Alex Depoutovitch and Michael Stumm
Department of Computer Science, Department of Electrical and Computer Engineering
University of Toronto, Toronto, Canada
Many techniques have been developed over the last few decades that allow applications to handle critical application-level errors. Examples include registration of handler routines (e.g. SIGSEGV signal in UNIX) that are called by the OS when the application encounters a critical error, watchdog processes that monitor the health of the application, and dividing an application into a set of restartable components . However, in all of the above approaches, the kernel itself remains a weak point in that whenever it experiences an unexpected error, there is no other software component that can reliably deal with the error. As a result, when an OS, such as Linux or Windows, encounters a critical error, it simply reboots the system. A side effect of this is immediate termination of all running applications and loss of all unsaved data.
A number of techniques exist that minimize the consequences of a kernel crash (i.e. an error in the kernel that leads to reboot), including periodic saving of application state to persistent storage, propagating application state to another system, or performing redundant calculations. These techniques may minimize or prevent data loss, but they also introduce significant overhead in terms of run-time performance and/or system cost. We are unaware of any existing technique that allows an application to survive a critical error in the OS and continue execution, even with limited functionality, without this type of overhead.
The key idea behind our work is that an OS kernel is simply a component of a larger software system, which is logically well isolated from other components, such as applications, and, therefore, it should be possible to reboot the kernel without terminating everything else running on the same system. Of course, rebooting a component as important as the kernel will be difficult without support from the applications, but we argue in this paper that this is possible with minimal and straightforward changes to application code.
Two properties of OS kernels complicate the process of rebooting the kernel without affecting running applications. The first is that the kernel resides in a privileged layer underneath all applications, so there is no other software component that can manage kernel reinitialization without destroying all applications running on top of this kernel. The second property is that the kernel itself contains data critical for running applications, such as a physical memory page maps, location of data paged to disk, opened files, and network connections, which are lost during kernel reinitialization.
To address these issues, we propose having two OS kernels resident in physical memory. The first (main) kernel performs all activities an OS is responsible for. The second (crash) kernel is passive and activated only when the main kernel experiences a critical error. When the main kernel crashes (i.e. ``panics''), instead of rebooting, it passes control to the crash kernel, which is not affected by the error because it has been passive and may be protected by memory hardware. After passing control to the crash kernel, all information on running applications in the main kernel as well as the application data still exists in memory and is accessible by the crash kernel. This allows the crash kernel to reconstruct application state and pass control to the application without loosing data. We refer to this reconstruction process as a resurrection of an application.

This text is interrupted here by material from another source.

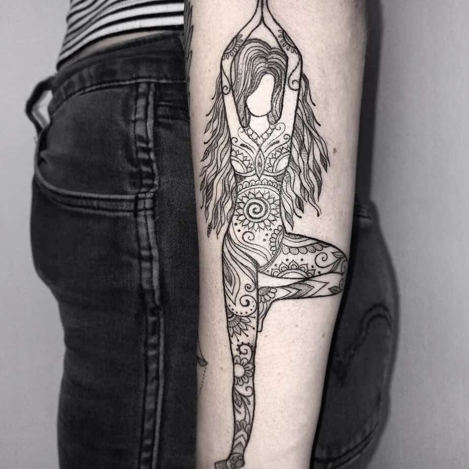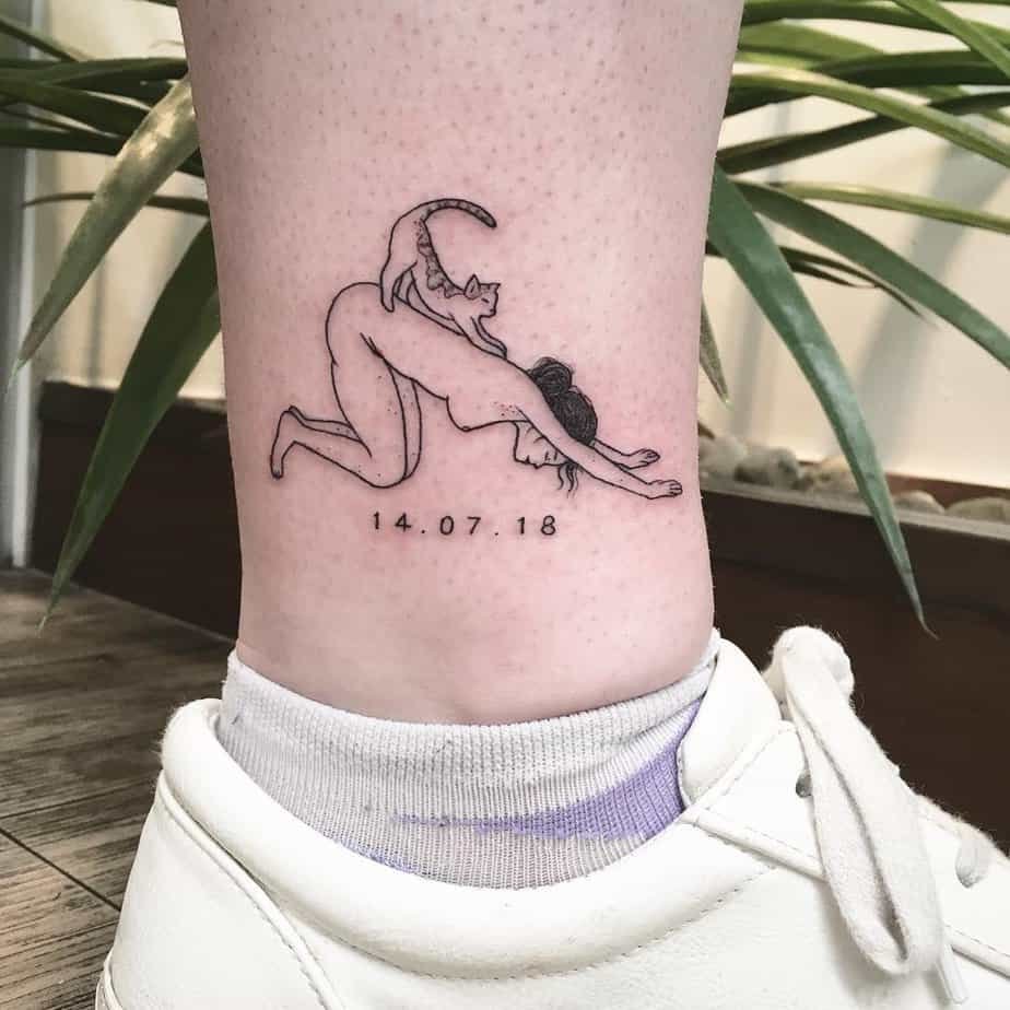 Okay, this one makes me grin. Imagine a woman in downward dog and a curious cat photobombing the whole calm vibe. It’s simple, playful, and personal — especially with a date tucked underneath to mark a memory. It’s the kind of tattoo that says yoga doesn’t have to be serious all the time; sometimes it’s just love and laughter on a mat.

Being able to reboot a kernel and not destroy all running applications would allow us to achieve a higher level of fault tolerance and increased mean time to system failure without having to resort to expensive methods like checkpointing or systems redundancy. In addition, as we will show, our methodology opens new possibilities for performance improvements of those applications that traditionally have had to sacrifice performance for reliability, such as databases. Finally, our method supports dynamic updates of OS kernel code without requiring a system reboot, extending a concept of software rejuvenation to OS kernels.
We present the details of our approach and describe its technical aspects in the next section. In section 3, we discuss changes required to applications in order to support kernel reboot. Section 4 discusses the reliability of our technique. We present related work in Section 5 and close with concluding remarks.
Any user application that wishes to be resurrected must register with the kernel a special crash procedure, which is located in the application address space. The address of this procedure is stored in the process descriptor of the main kernel and serves as an entry point to be called if and when the crash kernel gains control.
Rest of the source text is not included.